With a new video conferencing system installed last fall, the University of Arkansas at Fayetteville is now developing courses in which students will be able to access a live video stream of lectures remotely from their mobile devices.
The new courses, focused on agriculture and food law, are among several new applications of high definition video conferencing launched by the university since it adopted a system designed by LifeSize, an Austin-based company acquired by Logitech in 2009.
“The infrastructure we previously had was a hodgepodge of people who had appliances in their classrooms, but there was no centralization,” says Eric Gorder, program manager for the university’s IT services. Not only is the new system centralized, but Gorder says it is more cost-effective because it reduces travel costs for faculty and students who collaborate with departments on other campuses and for administrators who interview job applicants remotely.
The LifeSize system features a tool called ClearSea, which enables students to access video conferences via their desktop, laptop, tablet or mobile phone. Using this tool, distance classes are more interactive because students remotely watching the live video streaming can ask and answer questions in real-time and not be relegated to communicating through a chat window typical of most online classes.
“Rather than just perceiving the class as watching a lecture on television, they will be able to immerse themselves in the lectures and discussions, and participate as though they were in the room with the rest of their colleagues,” says Randy Thompson, director of the university’s law library and information technology services.
The courses will be tailored for attorneys who want to develop expertise in agriculture and food law and are working on their Master of Law degree. With the remote video conference capability, students from around the world who cannot leave their jobs and travel to Arkansas will be able to take one of the new courses.
Students in the university’s nursing program have also benefited from the new video conferencing system since it allows them to collaborate with faculty at the University of Arkansas Medical School, which is three hours away in Little Rock. For example, a researcher who used a nursing student to simulate symptoms at the medical school could engage nursing students at the Fayetteville campus in the training since they could view it remotely and diagnose the condition.
Faculty who don’t want to deal with the hassle of leaving their offices to drive across campus for a meeting are using ClearSea to conference with colleagues from their desks.

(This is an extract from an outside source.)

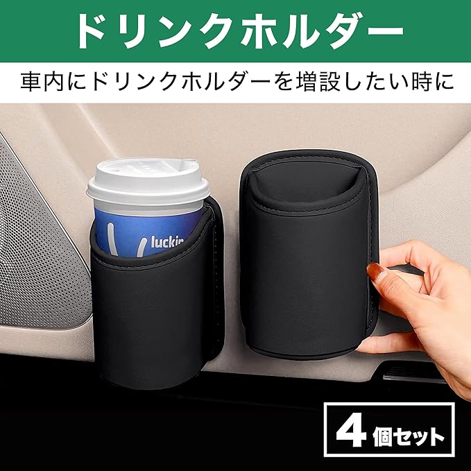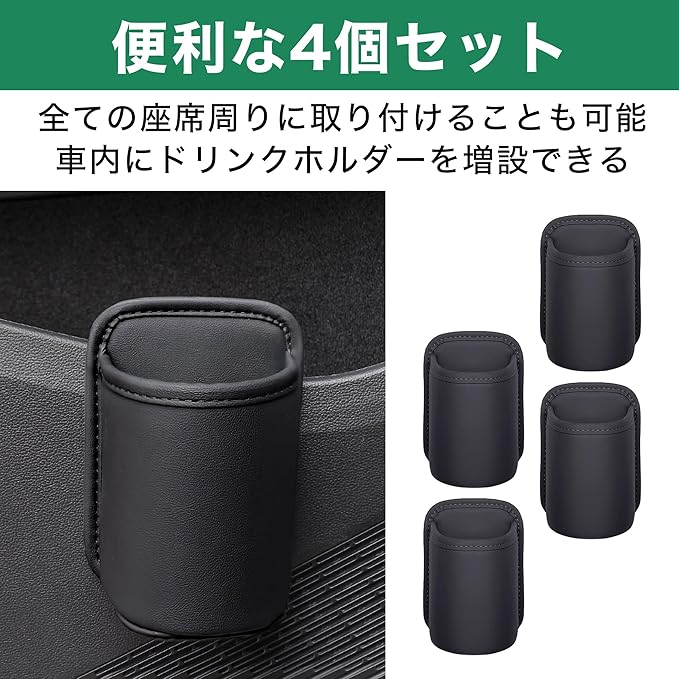 全ての座席周りに取り付けることも可能:同じカラーのドリンクホルダーが4個揃ったセット品ですので、全ての座席周りに取り付けることも可能です。車内にドリンクホルダーを増設したい時にぜひ活用してみてください。

If they don’t have the video equipment in their office, they can access it from other rooms equipped with the LifeSize boxes.
Installing the video conferencing system requires a “pretty significant capital outlay upfront,” Gorder says, and to equip each classroom with a codec, or video conferencing tool, costs $2,999.
For the University of Arkansas, the benefits and savings have made the investment worthwhile, since the new system has opened up a new world of possibilities for both teaching and managing campus operations.